I don’t want to say too much about the spider civilization is because it’s so much fun to discover it on your own, but as a lure, I just want to mention that they figure out how to make colonies of nonsentient ants work as living computers. But seriously, the spider technology and culture is SO FUCKING COOL.

It took me longer to warm up to the human characters, and I was almost always more into the spiders’ story. But I did end up enjoying the humans’ story too. But the spiders? I LOVED the spiders. And not just as a civilization, but as individual, complex characters.

The nanovirus also uplifted some crustaceans, and in the midst of all the spider and human drama, every now and then we get an update about how the crustacean civilization is living out its own grand epic underwater and 99.9% off-page. It was delightful and slightly hilarious.

Spoilers:

SPIDER RADIO. SPIDER WEB ORBITALS. SPIDER MUSCLE FUNICULARS.

And Understanding! That was such a neat concept, so beautifully worked out.

The choice to use human-type names, and the same set of names at that, for the spiders was odd but it ended up working for me. You got a sense that they were spiders from literally everything else, and it ended up being rather charming to keep reading sentences like “Bianca dangled from the ceiling to take a nap.”

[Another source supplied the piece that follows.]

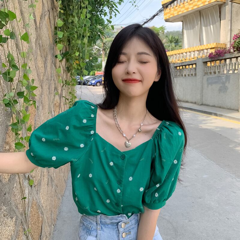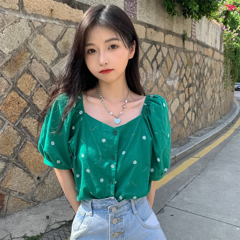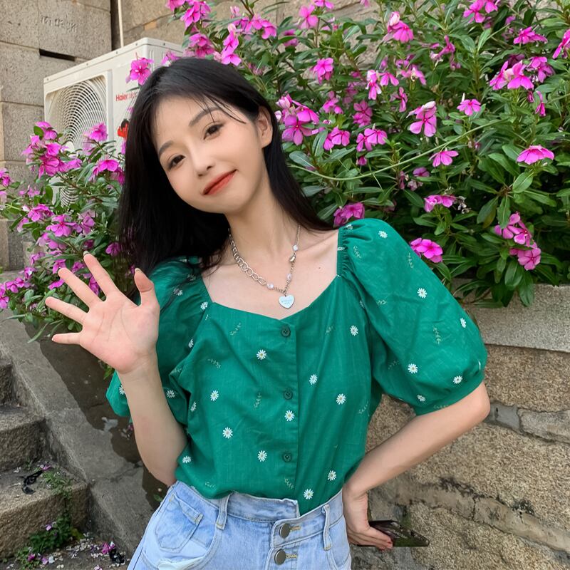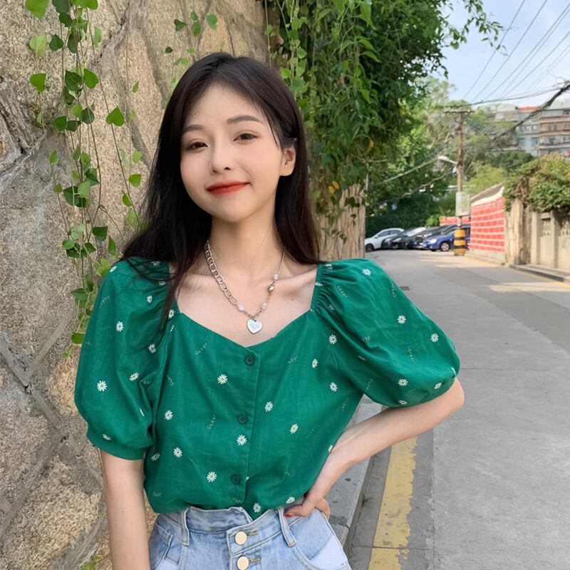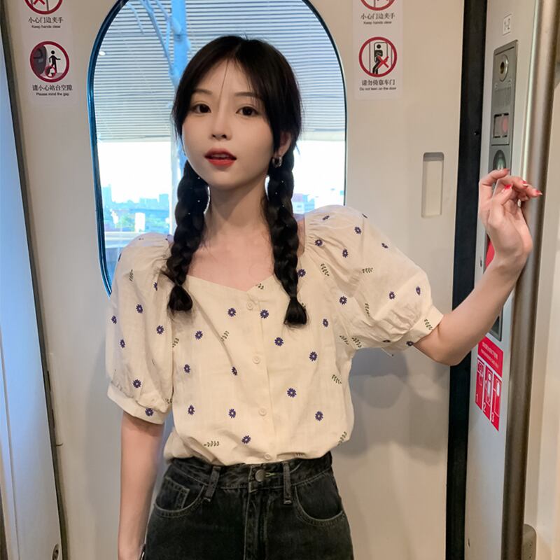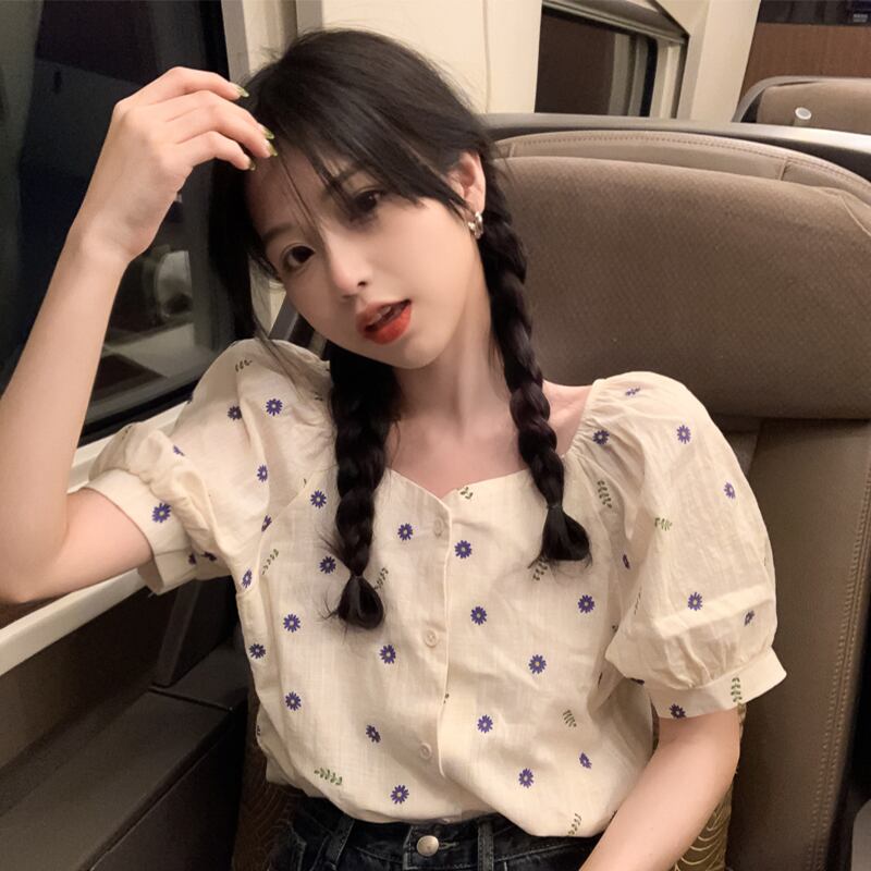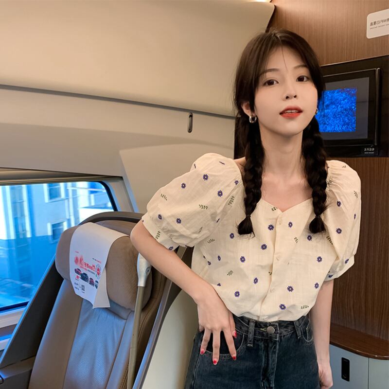 2022年の新しい半袖の白い花柄のパフスリーブシャツの女性の夏の小さな新鮮な甘いトップシックで美しい小さなシャツ ホワイト 大人ガーリー スウィート キュート カジュアル サマー 夏物 7460030134057856 | framboise21

I’m having trouble understanding how the ant computers actually worked. I understand that the colonies had a lot of computing power, but how did the spiders present them with problems and how did the ants present their solutions?

[Okay, my door spider is now out of the door and has been swept off the balcony. Pretty sure it’s fine and will live out its spidery life, hopefully very far away from me.]

More book spoilers.

The ant bit that I found absolutely horrifying was when the ants were destroying everything in their paths and they create a fortress entirely composed of living ants and the spiders have to go inside it UGH UGH UGH.

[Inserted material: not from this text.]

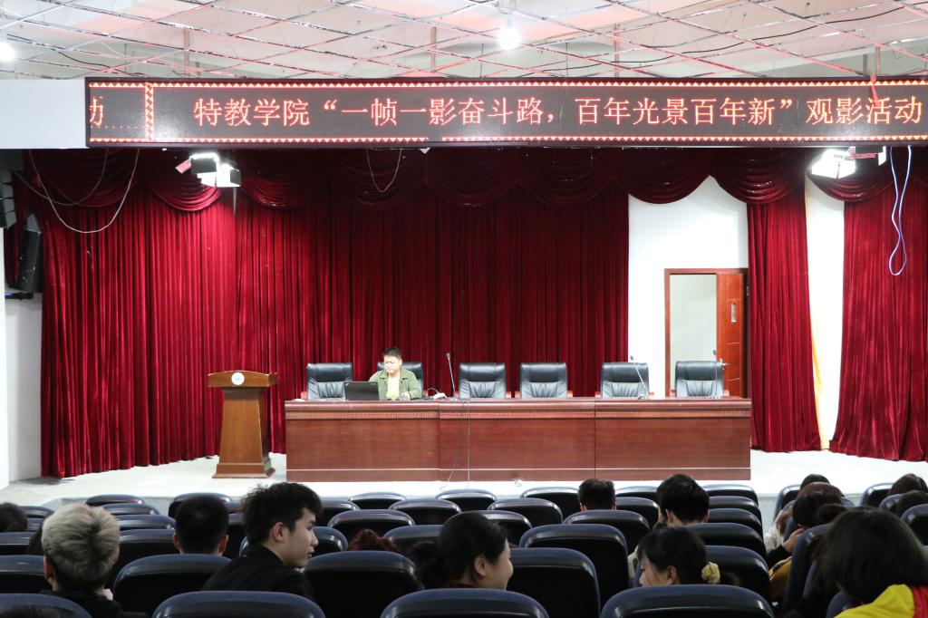 本网讯(文/吴霜 图/李沅烩)4月7日,特教学院分团委组织学院各团学机构的员工干部、各年级班团委员以及43期入党积极分子在特教大楼A栋学术报告厅开展了第一场“党史”教育观影活动,本次活动由分团委书记朱志刚主持。

The ending is so touching. You expect the spiders to slaughter the humans, which they’d be completely justified in doing given that the humans are hellbent on killing them. Especially after all that buildup about the spiders’ debate and how they solemnly decided to make the hard choice. I have literally never seen the “hard choice” presented in fiction as anything but the choice to kill a bunch of people. (Which makes me think that in fact, killing is the easy choice and cooperating is the hard one.) Here, the hard choice is to not kill.

Instead, they use a version of the virus that created their own civilization to instill a sense in the humans—and in themselves—that they are kin, so they have a chance now to share the planet rather than killing each other. It’s in part an anti-arachnophobia virus, and I wish I could get it so I could see that fucking giant spider inside my door as a little friend, like Tchaikovsky undoubtedly does.

Only $2.99 on Kindle! Children of Time

The cover is both correct and not really representative of the experience of reading the book. However, an accurate cover would probably make at least a quarter of the intended audience flee screaming, so there's that.